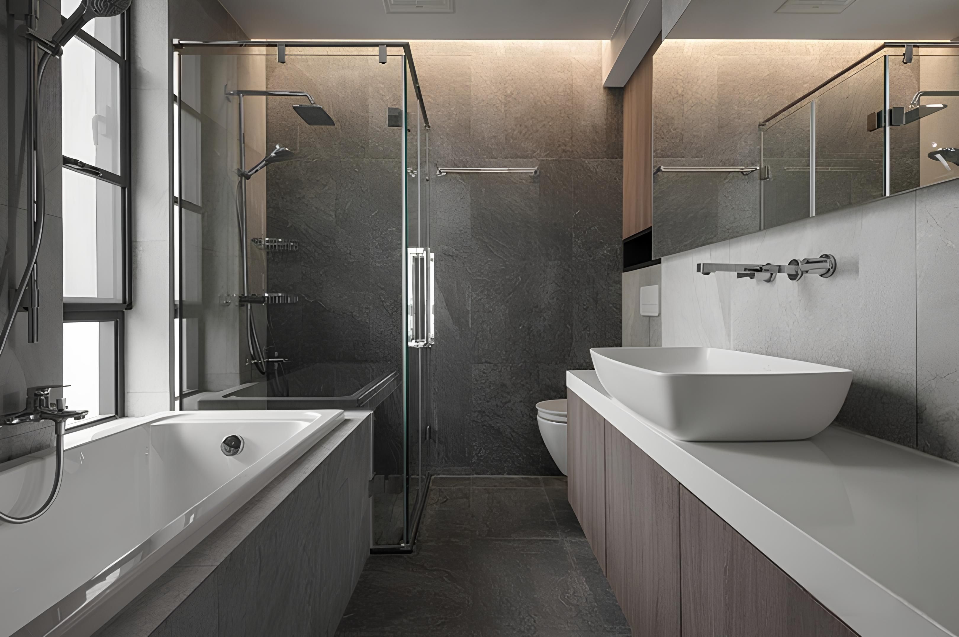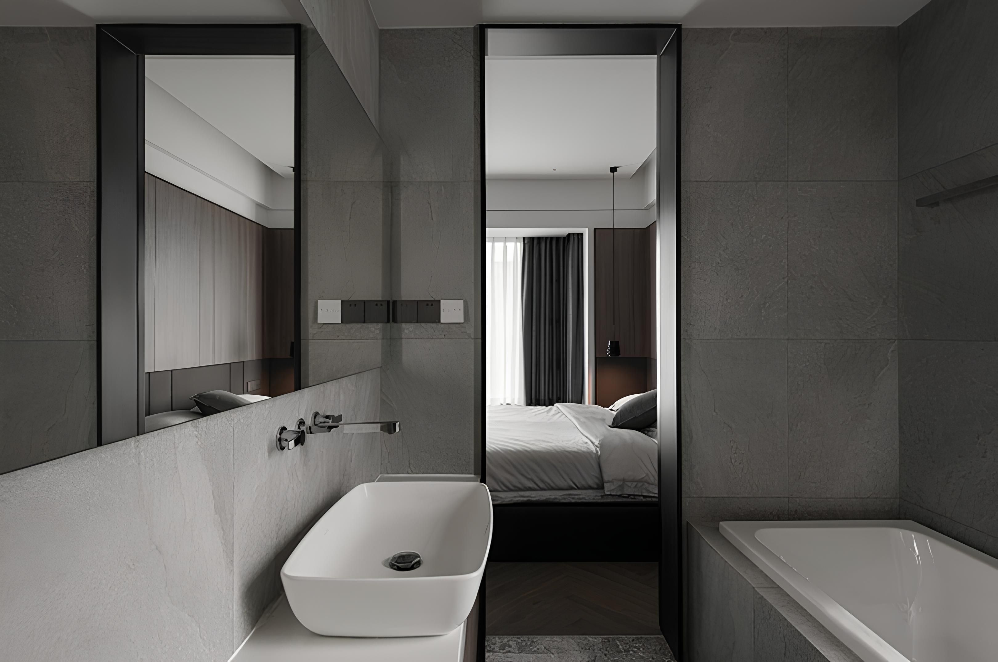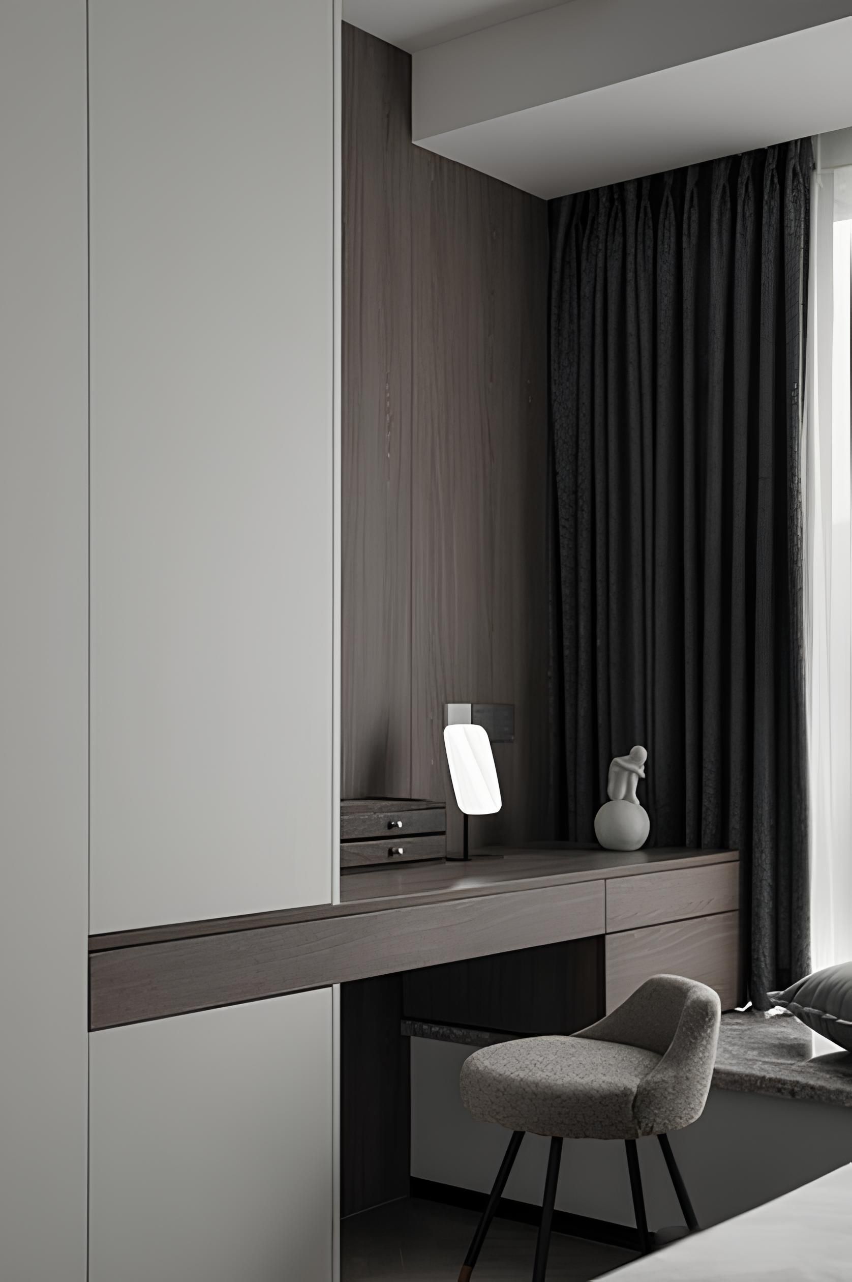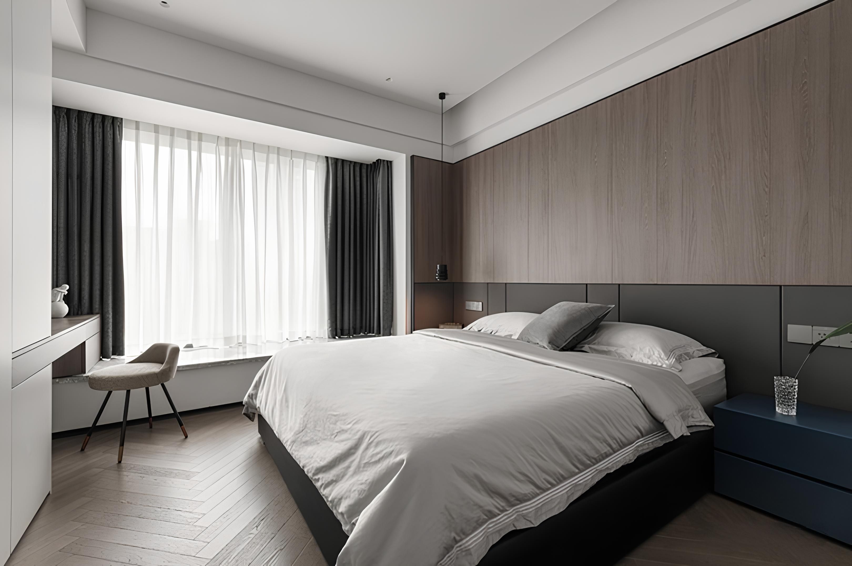 溫潤木質牆面與簡約床組,營造出寧靜舒適的休憩氛圍。落地窗引入充足自然光,搭配灰色調窗簾,調節光線之餘更添質感。
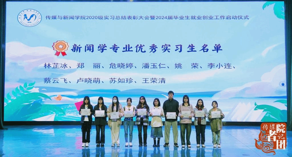 颁发新闻学专业优秀实习生荣誉证书
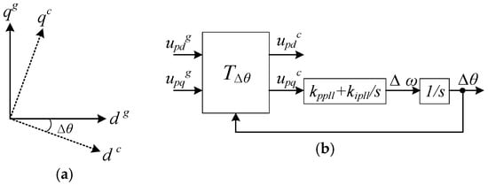 The averaged model of the synchronous reference frame PLL (SRF-PLL) is shown in Figure 4b, in which the PCC voltage vector in the dqg frame is rotated to the dqc frame using matrix TΔθ for feedback control purpose []. During steady state operation, we can conclude (12):
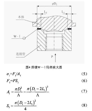 如圖4所示,P為設計壓強,設W-I焊縫的熔深為L1,焊接部外徑為¢D1,則其焊接部工作應力σ1,計算方法如下
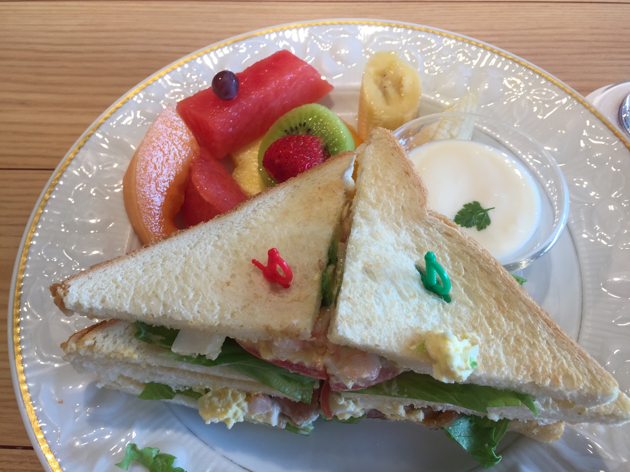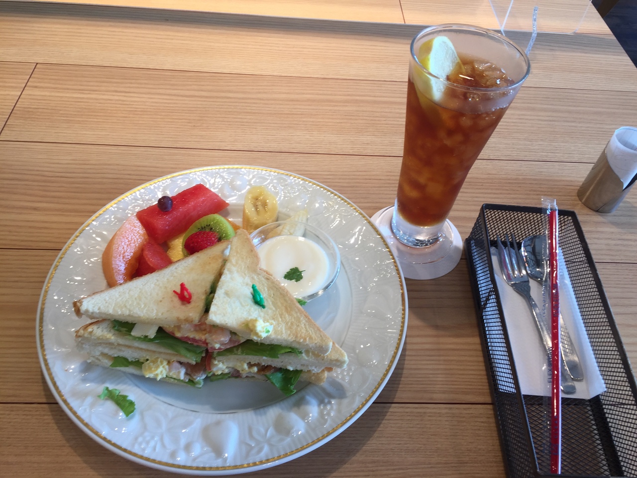 サンドイッチのランチにしたが サンドイッチもチキン エビ アボカド トマトでキチンと美味しく 質の良いフルーツもいろいろ付いて 小さなヨーグルト 飲み物付きで 800円台とは驚きの安さ!
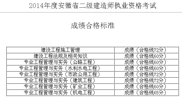 安徽2014年二級(jí)建造師合格標(biāo)準(zhǔn)
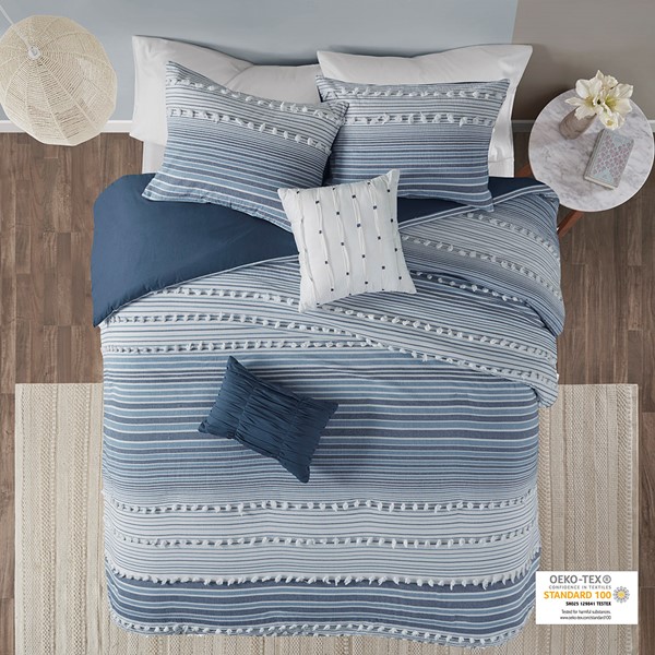 Give your bedroom a soft casual update with the Urban Habitat Calum Cotton Jacquard Duvet Cover Set. The cotton clipped jacquard duvet cover features yarn-dyed stripes of blue, indigo, and off-white, for a soft and alluring look. Matching shams (1 for Twin Sizes) mirror the design seen on top of the bed, while two decorative pillows with hypoallergenic polyester filling add the finishing touches to the bed. This bedding set is also OEKO-TEX certified, meaning it does not contain any harmful substances or chemicals to ensure quality comfort and wellness. Easy to coordinate with, this cotton jacquard duvet cover set brings a rich textural look and feel to your bedroom decor and is machine washable for easy care. Button closures on the duvet cover secure a comforter insert (NOT included) within the duvet cover and internal corner ties prevent it from shifting.
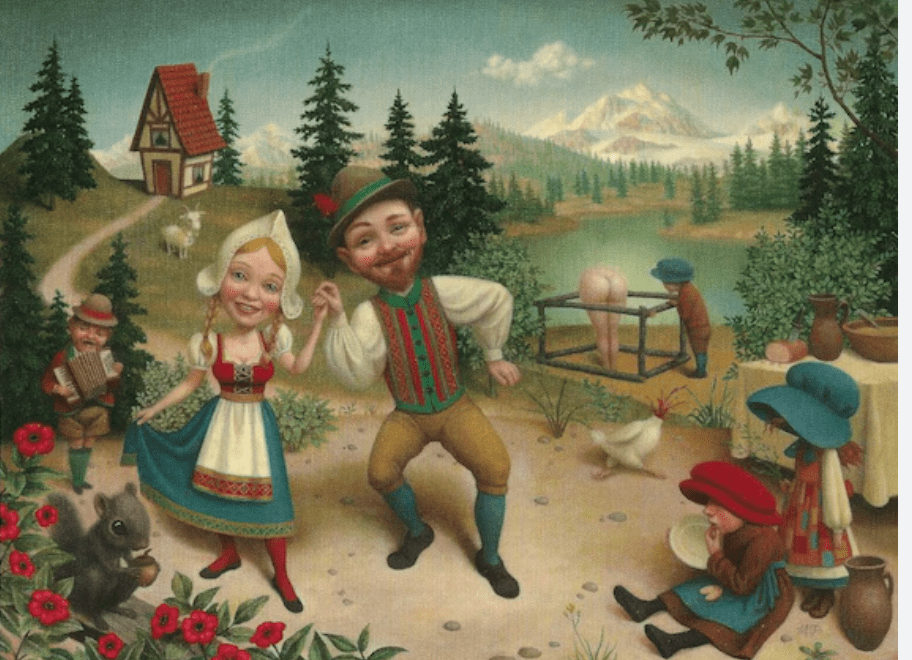 Sherald explains her choice to paint her sitters as grey and stony-faced, saying that she wants to elevate the human presence of her subjects, placing their skin color in a secondary role to their humanity. By giving her sitters neutral, relaxed expressions, Sherald avoids depictions of the black body in a state of performance, she wants to show them being, rather than doing. The colorless skin and affectless expression places the portraits in a historical context of portraiture requisite to color film and footed in long exposure times wherein the sitter couldn’t hold an expression or pose that was unnatural for long enough to get a stable shot. As a result, her portraits appear dated and opaque. The results are mixed. Exploring the first two galleries, I was unnerved that I didn’t quite experience the sublime response that others had described at seeing Sheralds work. At other moments, the paintings evoked the whimsical absurdity of the art/film zeitgeist of the early-mid-aughts, Tim Burton or Burton-ish films like Alice in Wonderland, A Series of Unfortunate Events, and Big Fish, or paintings like those of Marion Peck and Mark Ryden. Distinctly campy.
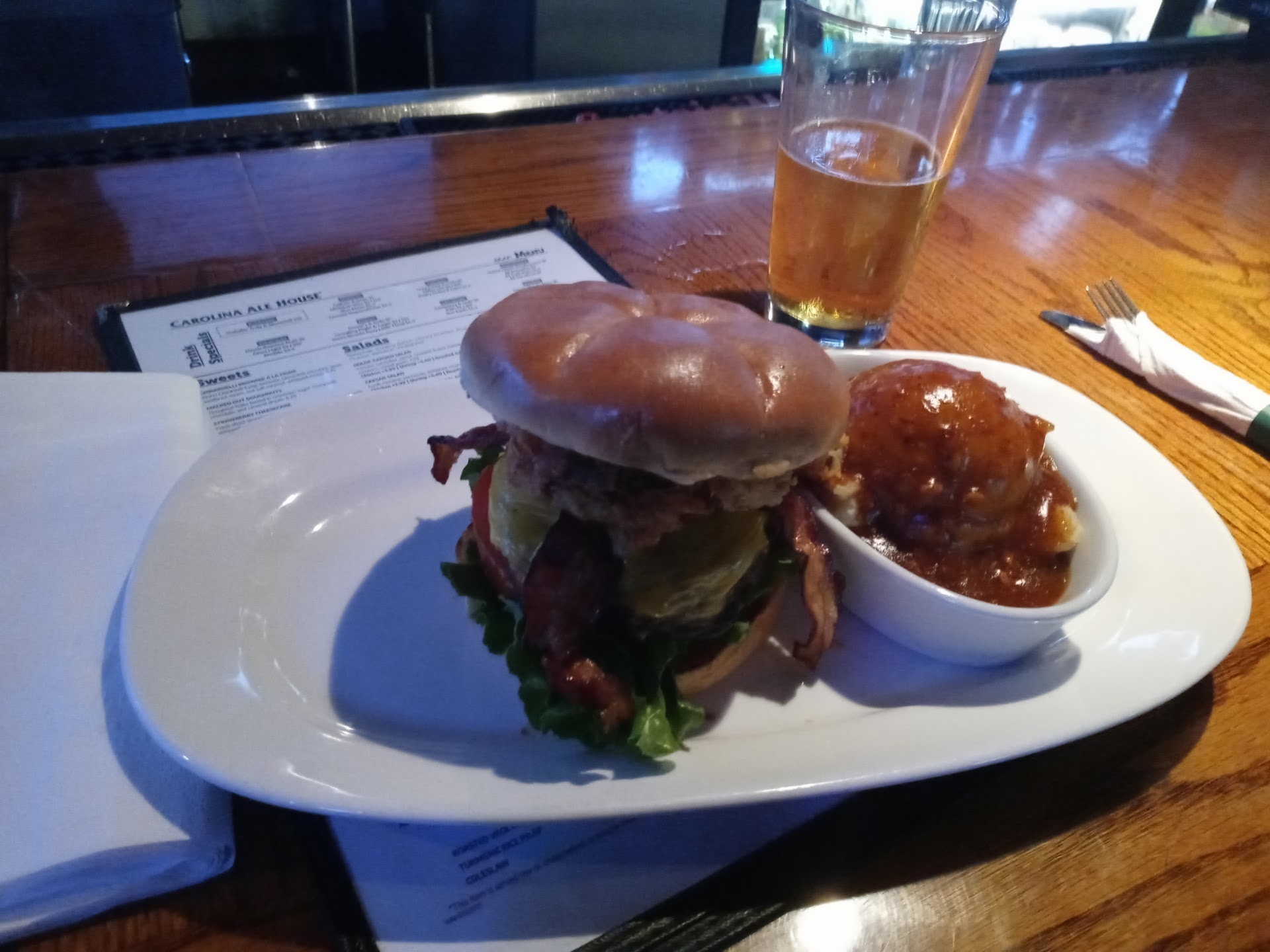 Ā Ā Ā Read moreNot a good experience! We went to the ale house yesterday. My husband got in before I did by amount 5-10 minutes. By the time I got in with the kids, no waiter/waitress had arrived to the table yet. We waited over 20 minutes to get waters or a high chair. My husband had to walk to the bar to order a beer and was almost done with it by the time someone came to assist our table. By the way the table was sticky and had empty ketchup. We placed an order for 12 wings as an appetizer and received 11. We let her know so the kitchen was aware, they brought us 2 more wings which we did not touch because you could see the wing feathers all sticking out of it! After we ordered our meals we had to ask for silverware. The cooks or the helpers who brought the food to the table continued to place the hot plates in front of our toddler in the high chair instead of trying to place in front of the person who ordered it like any restaurant normally does. My husband ended up getting up to ask a manager for silverware whom then just pointed to a hostess stand so my husband could grab it himself! The manager saw us looking around multiple times for help. At the end they gave us a complimentary keylime pie for the inconvenience, which was tasty! The manager brought it to us and didn't even say a word. He also looked at a stack of dirty plates in front of me and looked at me as if he didn't know where to put the dessert not tried to take the dishes and then he walked away. I see exactly why the staff is the way it is because the manager himself is terrible and unprofessional. This establishment has potential but it needs much...
========================================================================
**Your objective**
The entries are to be written out again exactly, though without any images.

**Output of the task**
 溫潤木質牆面與簡約床組,營造出寧靜舒適的休憩氛圍。落地窗引入充足自然光,搭配灰色調窗簾,調節光線之餘更添質感。
 颁发新闻学专业优秀实习生荣誉证书
 The averaged model of the synchronous reference frame PLL (SRF-PLL) is shown in Figure 4b, in which the PCC voltage vector in the dqg frame is rotated to the dqc frame using matrix TΔθ for feedback control purpose []. During steady state operation, we can conclude (12):
 如圖4所示,P為設計壓強,設W-I焊縫的熔深為L1,焊接部外徑為¢D1,則其焊接部工作應力σ1,計算方法如下
 サンドイッチのランチにしたが サンドイッチもチキン エビ アボカド トマトでキチンと美味しく 質の良いフルーツもいろいろ付いて 小さなヨーグルト 飲み物付きで 800円台とは驚きの安さ!
 安徽2014年二級(jí)建造師合格標(biāo)準(zhǔn)
 Give your bedroom a soft casual update with the Urban Habitat Calum Cotton Jacquard Duvet Cover Set. The cotton clipped jacquard duvet cover features yarn-dyed stripes of blue, indigo, and off-white, for a soft and alluring look. Matching shams (1 for Twin Sizes) mirror the design seen on top of the bed, while two decorative pillows with hypoallergenic polyester filling add the finishing touches to the bed. This bedding set is also OEKO-TEX certified, meaning it does not contain any harmful substances or chemicals to ensure quality comfort and wellness. Easy to coordinate with, this cotton jacquard duvet cover set brings a rich textural look and feel to your bedroom decor and is machine washable for easy care. Button closures on the duvet cover secure a comforter insert (NOT included) within the duvet cover and internal corner ties prevent it from shifting.
 Sherald explains her choice to paint her sitters as grey and stony-faced, saying that she wants to elevate the human presence of her subjects, placing their skin color in a secondary role to their humanity. By giving her sitters neutral, relaxed expressions, Sherald avoids depictions of the black body in a state of performance, she wants to show them being, rather than doing. The colorless skin and affectless expression places the portraits in a historical context of portraiture requisite to color film and footed in long exposure times wherein the sitter couldn’t hold an expression or pose that was unnatural for long enough to get a stable shot. As a result, her portraits appear dated and opaque. The results are mixed. Exploring the first two galleries, I was unnerved that I didn’t quite experience the sublime response that others had described at seeing Sheralds work. At other moments, the paintings evoked the whimsical absurdity of the art/film zeitgeist of the early-mid-aughts, Tim Burton or Burton-ish films like Alice in Wonderland, A Series of Unfortunate Events, and Big Fish, or paintings like those of Marion Peck and Mark Ryden. Distinctly campy.
 Ā Ā Ā Read moreNot a good experience! We went to the ale house yesterday. My husband got in before I did by amount 5-10 minutes. By the time I got in with the kids, no waiter/waitress had arrived to the table yet. We waited over 20 minutes to get waters or a high chair. My husband had to walk to the bar to order a beer and was almost done with it by the time someone came to assist our table. By the way the table was sticky and had empty ketchup. We placed an order for 12 wings as an appetizer and received 11. We let her know so the kitchen was aware, they brought us 2 more wings which we did not touch because you could see the wing feathers all sticking out of it! After we ordered our meals we had to ask for silverware. The cooks or the helpers who brought the food to the table continued to place the hot plates in front of our toddler in the high chair instead of trying to place in front of the person who ordered it like any restaurant normally does. My husband ended up getting up to ask a manager for silverware whom then just pointed to a hostess stand so my husband could grab it himself! The manager saw us looking around multiple times for help. At the end they gave us a complimentary keylime pie for the inconvenience, which was tasty! The manager brought it to us and didn't even say a word. He also looked at a stack of dirty plates in front of me and looked at me as if he didn't know where to put the dessert not tried to take the dishes and then he walked away. I see exactly why the staff is the way it is because the manager himself is terrible and unprofessional. This establishment has potential but it needs much...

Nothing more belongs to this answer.